## TO DO
With the pictures left out, print exactly the lines below that run from the one containing "表面の素材はポリエステル10" through the one containing "На страницах сайта".

## DATA FOR THE TASK

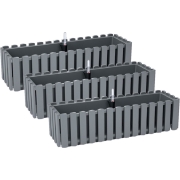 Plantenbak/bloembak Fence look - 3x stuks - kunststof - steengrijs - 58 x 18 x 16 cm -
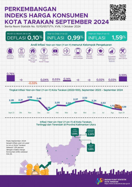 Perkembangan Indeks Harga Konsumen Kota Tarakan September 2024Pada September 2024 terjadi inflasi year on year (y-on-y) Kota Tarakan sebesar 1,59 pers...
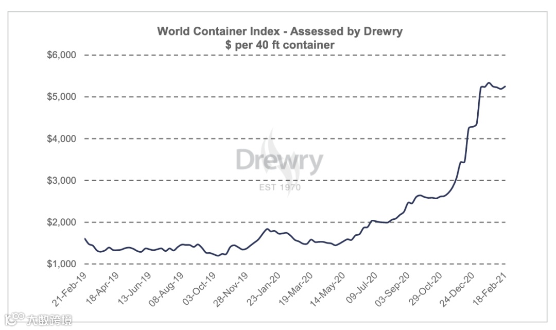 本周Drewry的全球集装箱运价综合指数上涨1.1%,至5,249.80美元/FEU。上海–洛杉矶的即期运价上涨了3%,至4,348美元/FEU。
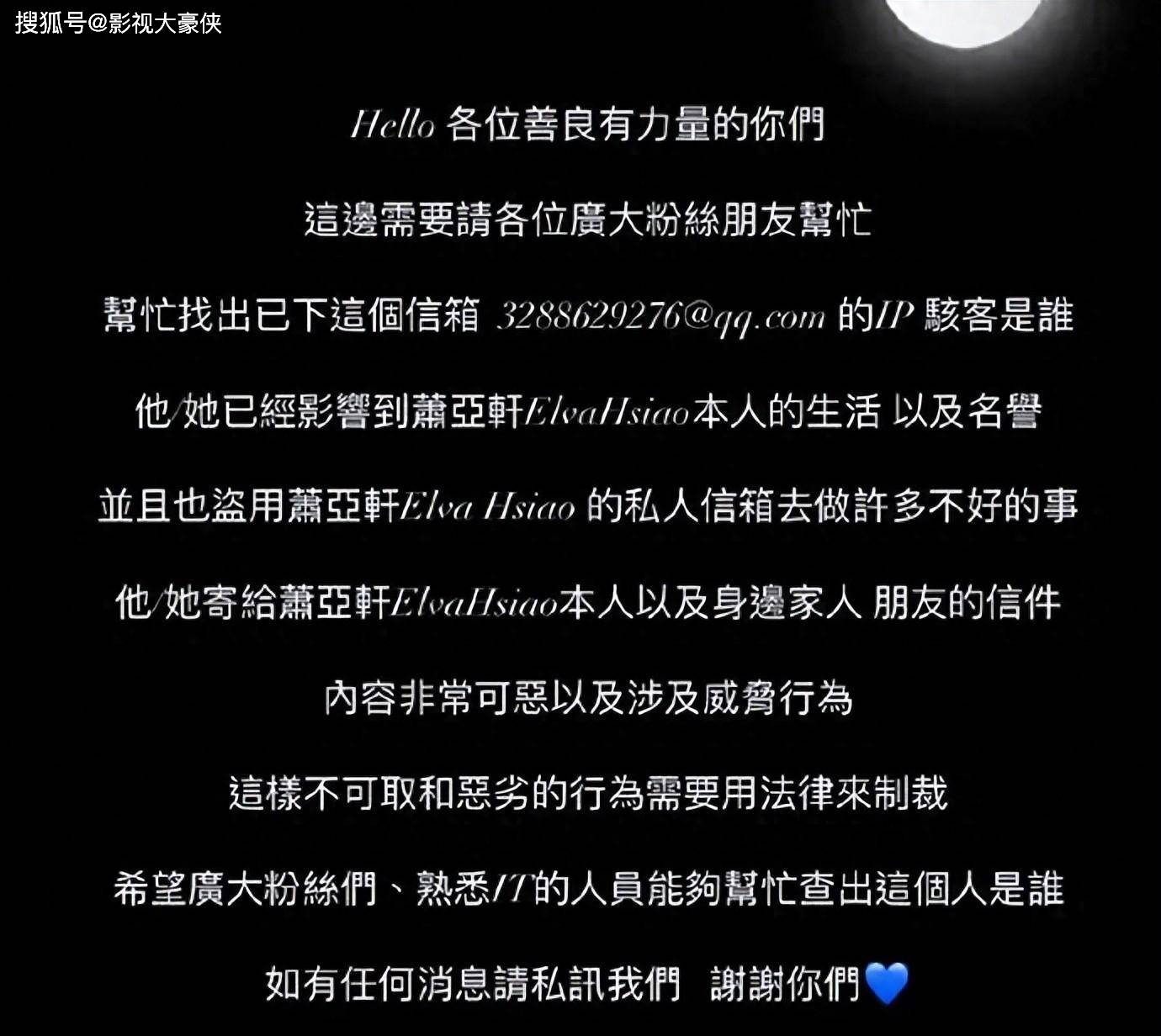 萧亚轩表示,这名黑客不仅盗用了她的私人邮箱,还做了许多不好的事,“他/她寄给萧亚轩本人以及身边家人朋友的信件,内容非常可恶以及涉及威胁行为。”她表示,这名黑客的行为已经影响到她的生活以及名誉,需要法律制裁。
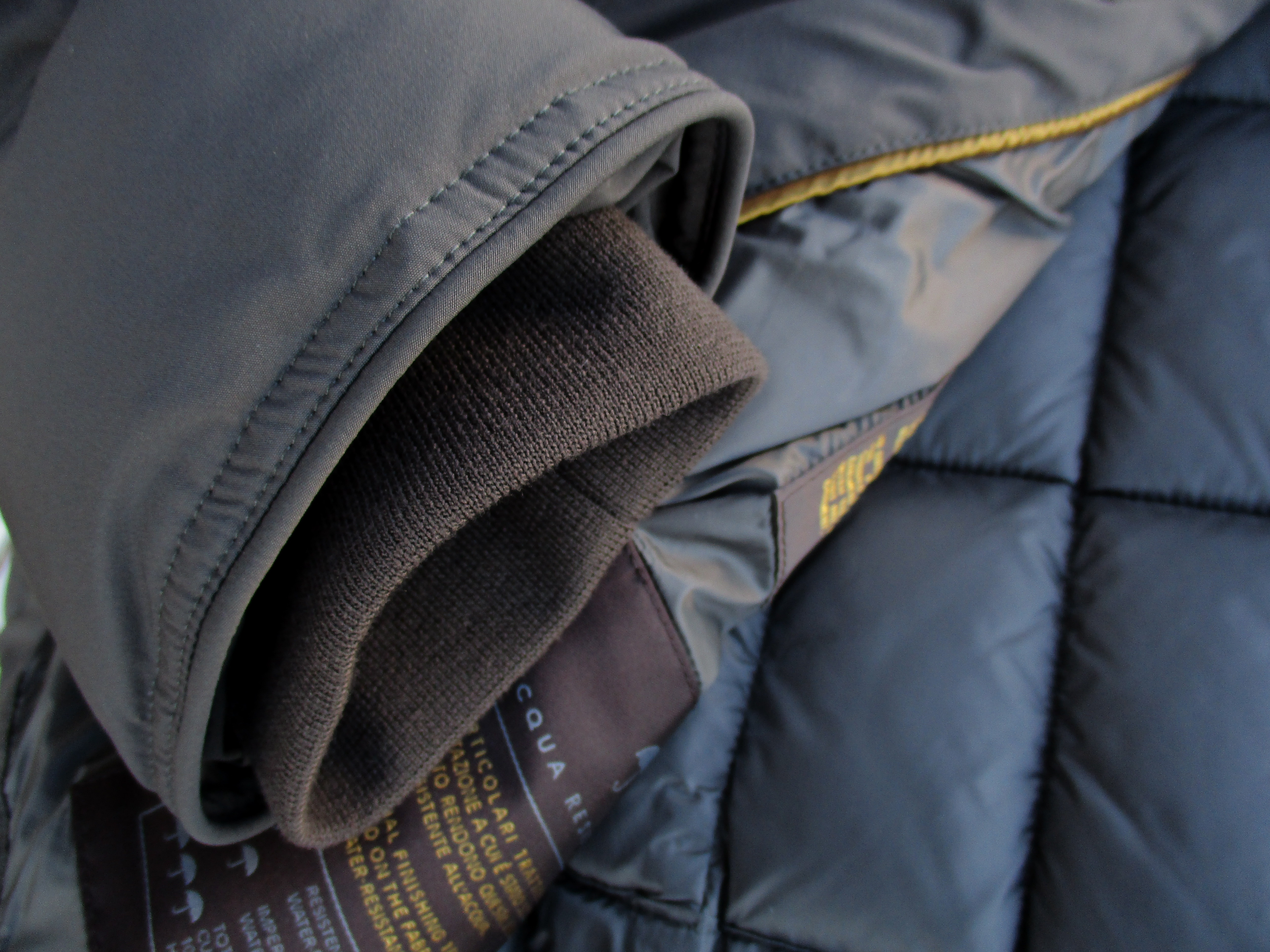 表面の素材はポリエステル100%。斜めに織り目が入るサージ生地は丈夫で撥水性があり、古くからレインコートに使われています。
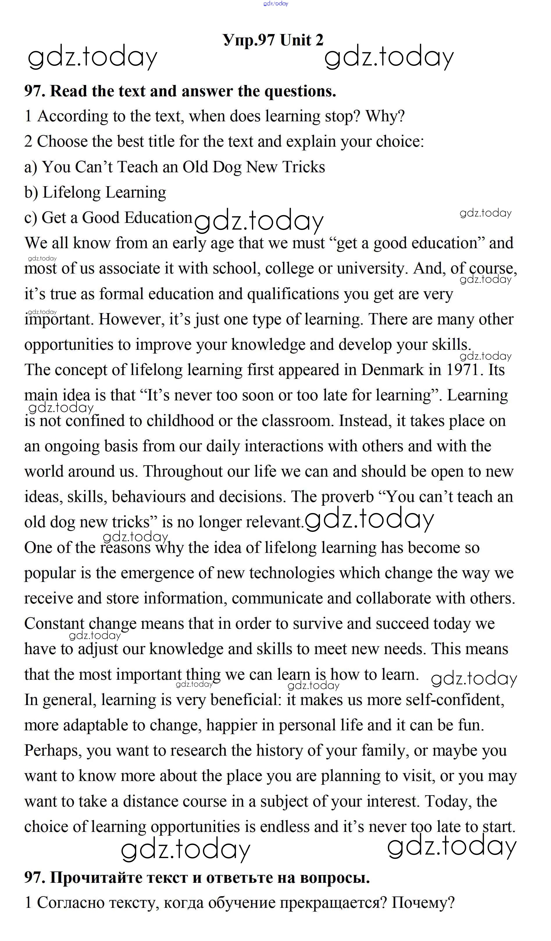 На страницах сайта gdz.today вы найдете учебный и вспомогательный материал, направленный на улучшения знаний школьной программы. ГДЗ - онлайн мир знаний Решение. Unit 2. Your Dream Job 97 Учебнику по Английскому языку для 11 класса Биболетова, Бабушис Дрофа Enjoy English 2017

---

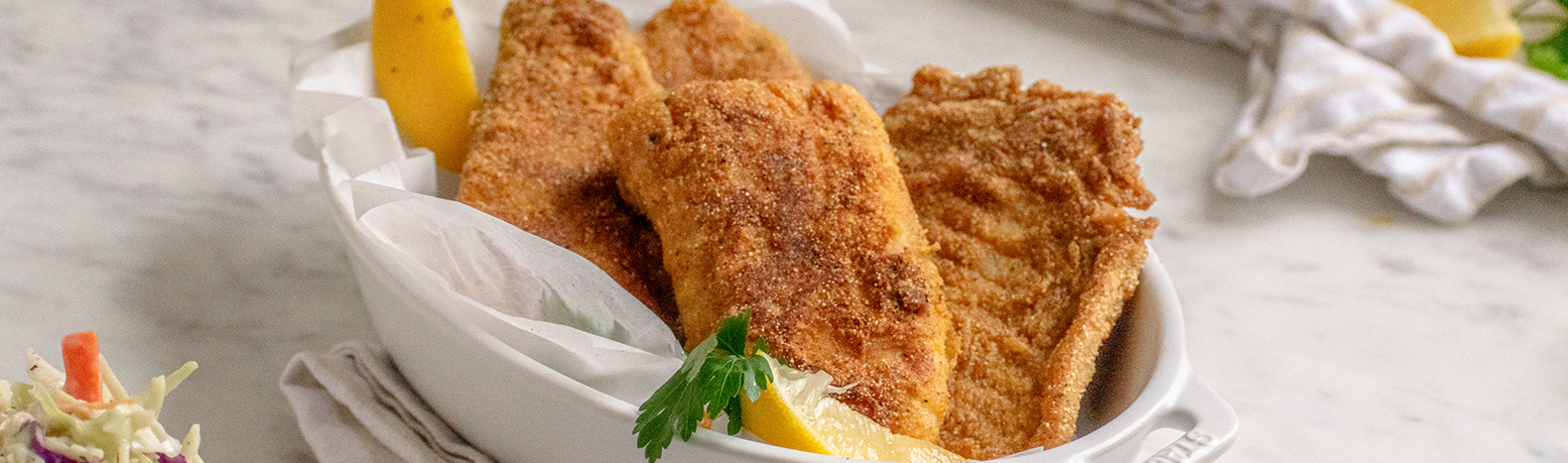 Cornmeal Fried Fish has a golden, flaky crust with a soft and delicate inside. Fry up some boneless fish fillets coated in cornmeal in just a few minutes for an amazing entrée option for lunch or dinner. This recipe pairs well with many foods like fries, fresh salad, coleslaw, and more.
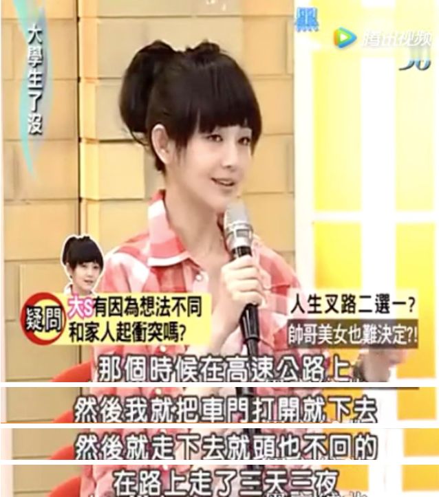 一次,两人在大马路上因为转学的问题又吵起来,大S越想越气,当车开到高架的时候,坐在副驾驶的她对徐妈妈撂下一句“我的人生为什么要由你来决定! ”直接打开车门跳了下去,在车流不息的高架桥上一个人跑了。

## YOUR SOLUTION
 表面の素材はポリエステル100%。斜めに織り目が入るサージ生地は丈夫で撥水性があり、古くからレインコートに使われています。
 На страницах сайта gdz.today вы найдете учебный и вспомогательный материал, направленный на улучшения знаний школьной программы. ГДЗ - онлайн мир знаний Решение. Unit 2. Your Dream Job 97 Учебнику по Английскому языку для 11 класса Биболетова, Бабушис Дрофа Enjoy English 2017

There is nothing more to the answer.